Submission counts as a DataFrame
time | count | |
---|---|---|
100 | 2025-04-08 | 28 |
101 | 2025-04-09 | 39 |
102 | 2025-04-10 | 35 |
Validation counts as a DataFrame
time | count | |
---|---|---|
100 | 2025-04-08 | 1874 |
101 | 2025-04-09 | 2521 |
102 | 2025-04-10 | 2306 |
Most statistics are based on individual addresses. This includes: - Get submissions for a particular wallet - Get achievements of a particular wallet - Retrieve in which tasks a wallet is enrolled (i.e. staked).
FlockWalletStats (address:str)
Get wallet-based stats.
example_wallet = "0xB93A9c73751Bbca8E1924954271ee8d4De5747c9"
fwl = FlockWalletStats(example_wallet)
fwl
FlockWalletStats(address='0xB93A9c73751Bbca8E1924954271ee8d4De5747c9', base_url='https://fed-ledger-prod.flock.io/api/v1/stats/')
We can now retrieve the valid submissions of the wallet as JSON or a DataFrame.
Validation achievements
gold_medals | silver_medals | bronze_medals | total_participations | tasks | |
---|---|---|---|---|---|
0 | 0 | 0 | 0 | 0 | [] |
Node achievements
gold_medals | silver_medals | bronze_medals | total_participations | tasks | |
---|---|---|---|---|---|
0 | 0 | 0 | 0 | 0 | [] |
A general requirement for participating in Flock tasks is to upload models to the HuggingFace Hub. For this you will need a HuggingFace token with write access and set the HF_TOKEN
environment variable. For setting environment variables I would recommend using python-dotenv.
upload_to_hf (repo_name:str, output_dir:str='outputs')
Upload a model to the HuggingFace Hub. :param repo_name: the name of the repository to upload to. For example: myhfname/task-1-model
. :param output_dir: the directory to upload to the HuggingFace Hub. :return: the commit hash you will need to submit to Flock.
Once you have the HuggingFace model uploaded and retrieved the commit hash, you can submit your results to the Flock task.
submit_task (task_id:int, hg_repo_id:str, base_model:str, commit_hash:str)

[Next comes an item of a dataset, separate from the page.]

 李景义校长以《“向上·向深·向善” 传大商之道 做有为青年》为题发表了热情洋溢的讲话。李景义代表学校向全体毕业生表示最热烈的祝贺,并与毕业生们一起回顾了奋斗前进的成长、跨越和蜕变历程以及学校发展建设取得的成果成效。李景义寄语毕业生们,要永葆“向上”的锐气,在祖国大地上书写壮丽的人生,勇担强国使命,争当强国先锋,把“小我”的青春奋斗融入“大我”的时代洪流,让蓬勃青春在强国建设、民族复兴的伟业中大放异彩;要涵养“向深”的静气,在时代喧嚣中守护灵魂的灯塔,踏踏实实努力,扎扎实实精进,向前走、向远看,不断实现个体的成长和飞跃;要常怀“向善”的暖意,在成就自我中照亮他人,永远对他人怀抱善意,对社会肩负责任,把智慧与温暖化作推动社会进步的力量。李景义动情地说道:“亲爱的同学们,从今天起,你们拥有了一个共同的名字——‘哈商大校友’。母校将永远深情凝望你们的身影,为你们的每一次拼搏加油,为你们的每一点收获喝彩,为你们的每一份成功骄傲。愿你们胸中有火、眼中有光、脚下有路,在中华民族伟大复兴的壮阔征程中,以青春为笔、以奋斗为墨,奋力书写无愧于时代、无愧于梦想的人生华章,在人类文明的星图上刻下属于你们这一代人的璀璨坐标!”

Submit results to Flock task. :param task_id: the ID of the task you want to submit to. :param hg_repo_id: the ID of the HuggingFace repository you want to submit. :param base_model: the base model you want to use. Must be a valid model name like “Qwen/Qwen1.5-7B or google/gemma-7b. :param commit_hash: the HuggingFace Hub Model commit hash of the model you want to submit.